[Dataset items]
****************

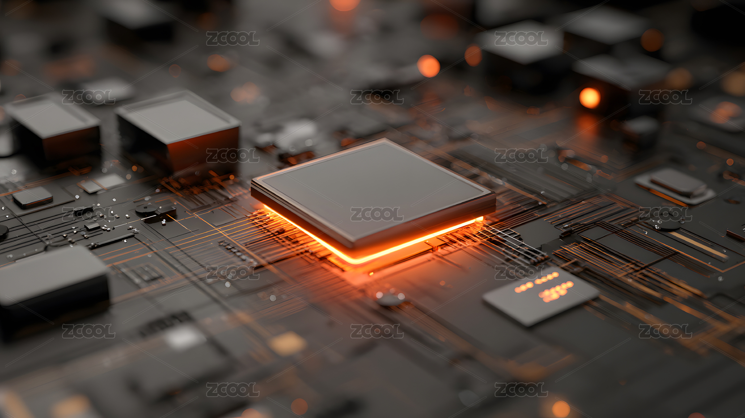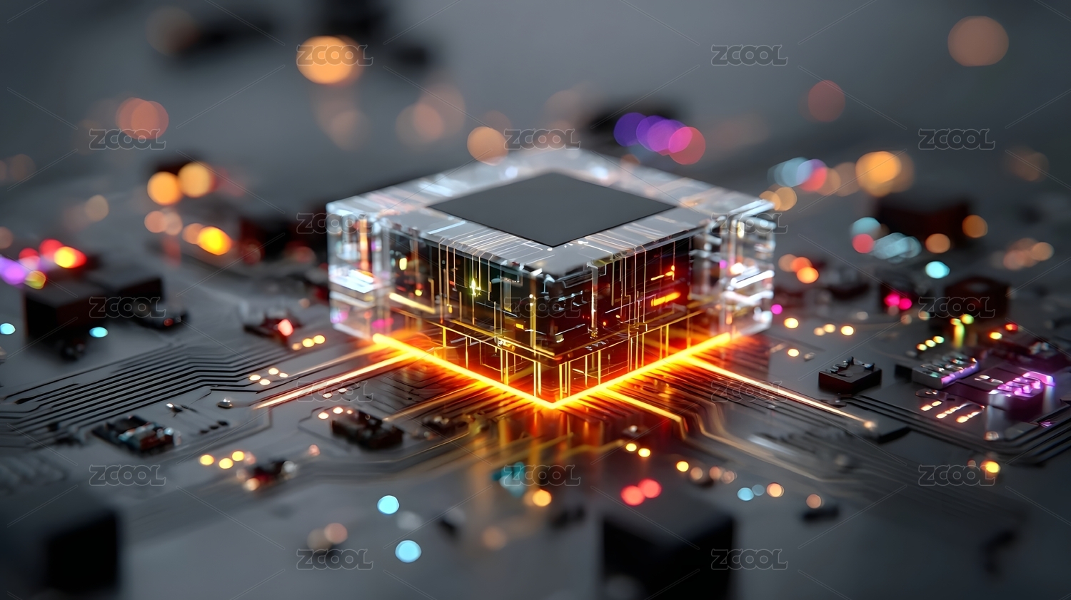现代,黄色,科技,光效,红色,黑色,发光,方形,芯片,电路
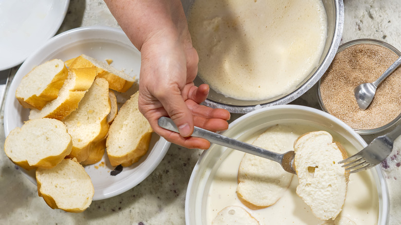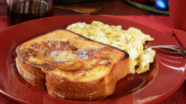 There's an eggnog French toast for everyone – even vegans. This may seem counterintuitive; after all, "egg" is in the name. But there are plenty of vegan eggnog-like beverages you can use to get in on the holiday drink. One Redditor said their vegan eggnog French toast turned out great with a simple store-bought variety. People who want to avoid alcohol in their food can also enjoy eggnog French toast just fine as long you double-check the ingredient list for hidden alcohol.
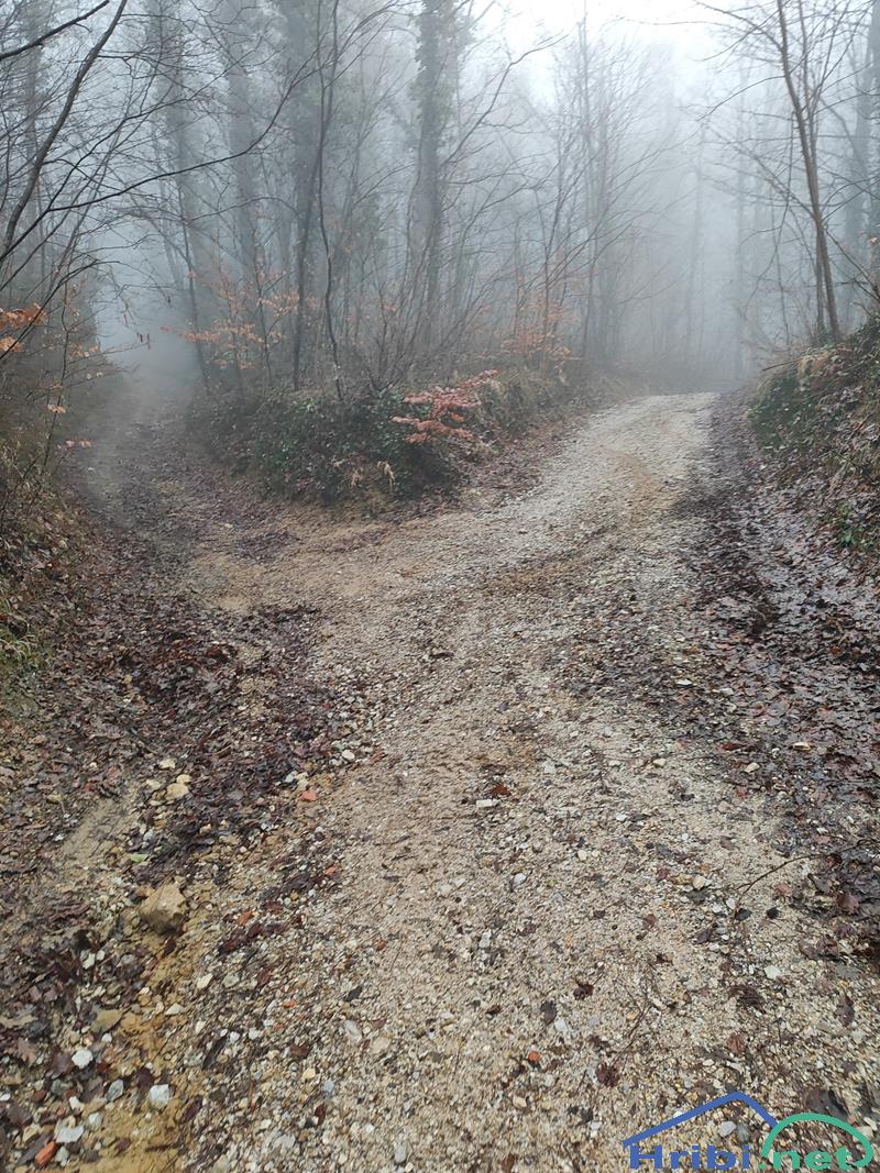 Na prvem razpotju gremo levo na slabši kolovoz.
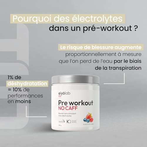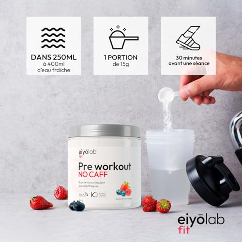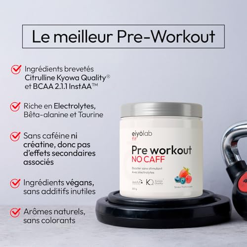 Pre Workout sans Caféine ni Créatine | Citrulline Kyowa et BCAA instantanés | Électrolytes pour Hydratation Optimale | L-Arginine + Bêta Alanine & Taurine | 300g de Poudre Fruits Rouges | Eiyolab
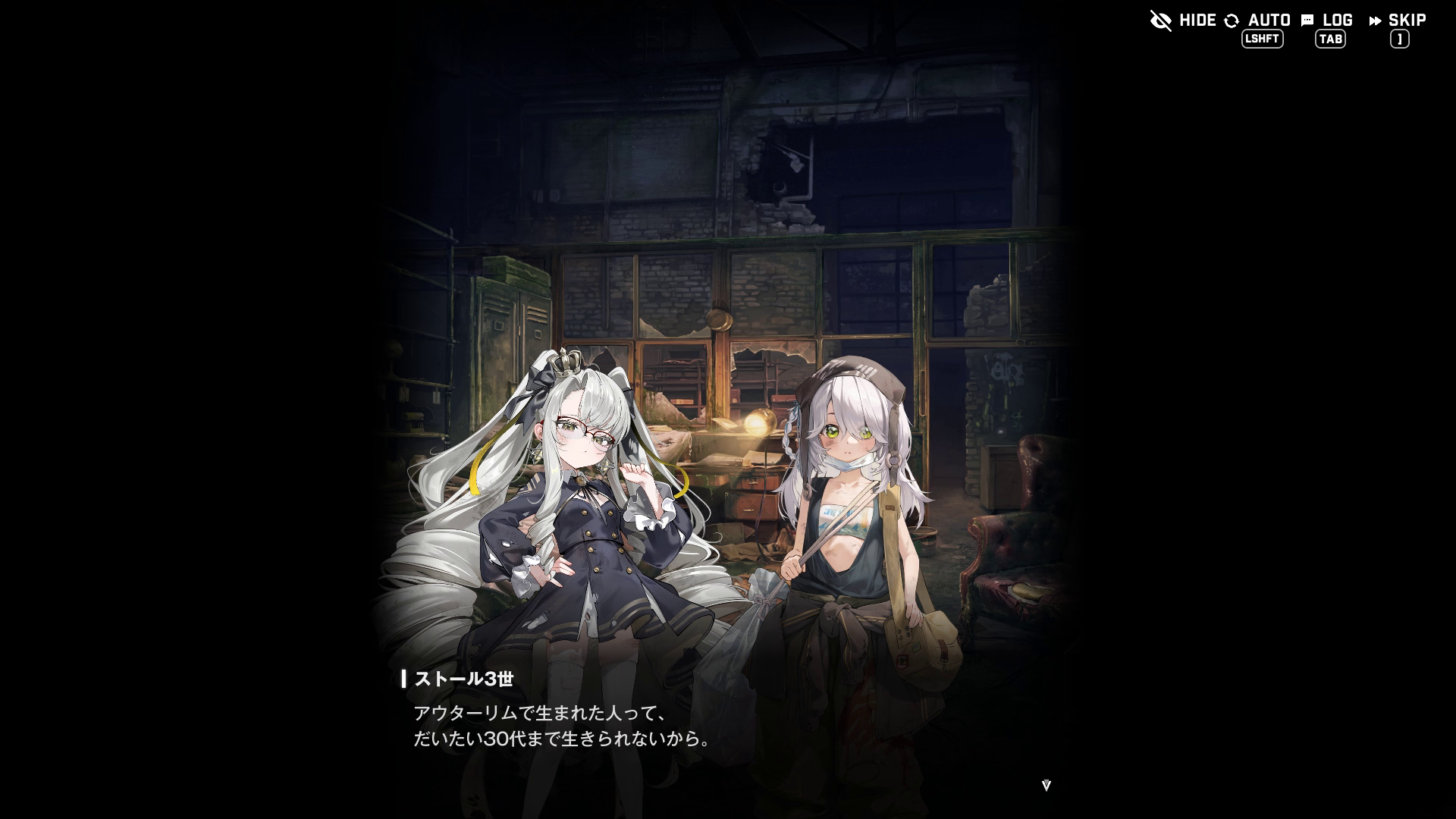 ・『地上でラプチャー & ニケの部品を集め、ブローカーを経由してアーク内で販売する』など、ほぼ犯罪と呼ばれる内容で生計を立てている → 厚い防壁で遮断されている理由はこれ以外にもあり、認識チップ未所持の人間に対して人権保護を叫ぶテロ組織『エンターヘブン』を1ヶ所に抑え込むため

****************

### About this exercise
Repeat, with no pictures, every line from the top of the entries above through the line that has "Na prvem razpotju", keeping each one exact.

### Result of the exercise
现代,黄色,科技,光效,红色,黑色,发光,方形,芯片,电路
 There's an eggnog French toast for everyone – even vegans. This may seem counterintuitive; after all, "egg" is in the name. But there are plenty of vegan eggnog-like beverages you can use to get in on the holiday drink. One Redditor said their vegan eggnog French toast turned out great with a simple store-bought variety. People who want to avoid alcohol in their food can also enjoy eggnog French toast just fine as long you double-check the ingredient list for hidden alcohol.
 Na prvem razpotju gremo levo na slabši kolovoz.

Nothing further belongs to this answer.